Return the line containing "Gliporna mellan fönster" and every line beneath it through the end of the entries below, unchanged. Pictures stay out.

[Extracted entries]:
────────

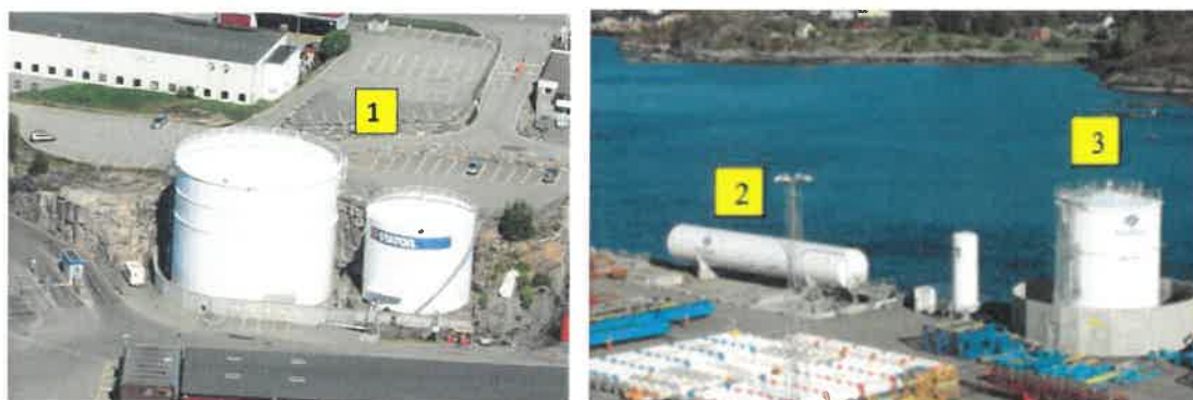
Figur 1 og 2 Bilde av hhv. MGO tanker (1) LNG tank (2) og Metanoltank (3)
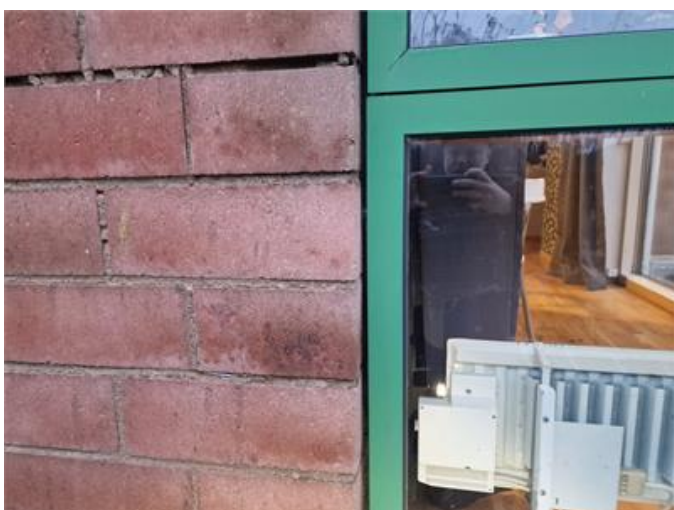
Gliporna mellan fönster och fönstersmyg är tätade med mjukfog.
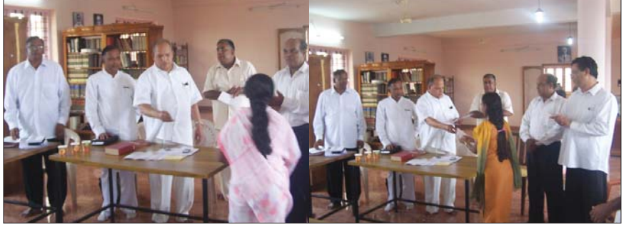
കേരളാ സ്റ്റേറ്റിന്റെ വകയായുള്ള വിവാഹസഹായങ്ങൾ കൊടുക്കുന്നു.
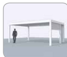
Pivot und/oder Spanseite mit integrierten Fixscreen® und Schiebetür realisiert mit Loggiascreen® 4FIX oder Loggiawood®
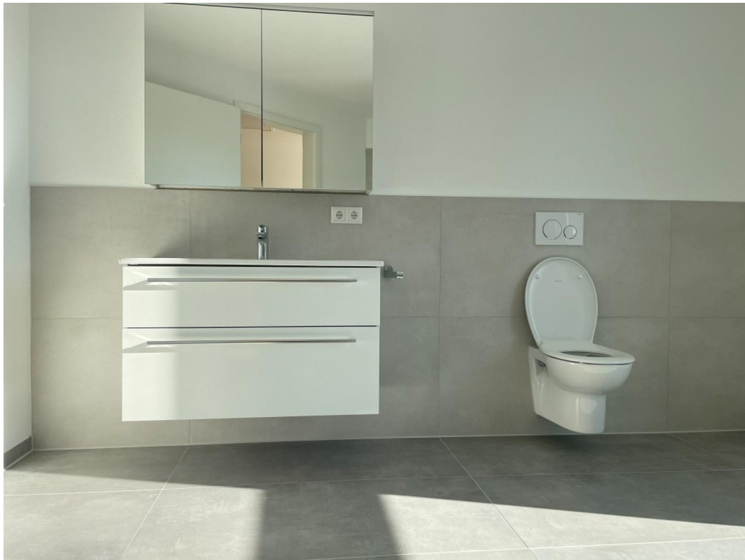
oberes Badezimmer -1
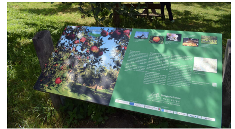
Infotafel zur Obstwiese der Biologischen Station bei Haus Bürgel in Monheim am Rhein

────────

[Answer to the exercise]:
Gliporna mellan fönster och fönstersmyg är tätade med mjukfog.
കേരളാ സ്റ്റേറ്റിന്റെ വകയായുള്ള വിവാഹസഹായങ്ങൾ കൊടുക്കുന്നു.
Pivot und/oder Spanseite mit integrierten Fixscreen® und Schiebetür realisiert mit Loggiascreen® 4FIX oder Loggiawood®
oberes Badezimmer -1
Infotafel zur Obstwiese der Biologischen Station bei Haus Bürgel in Monheim am Rhein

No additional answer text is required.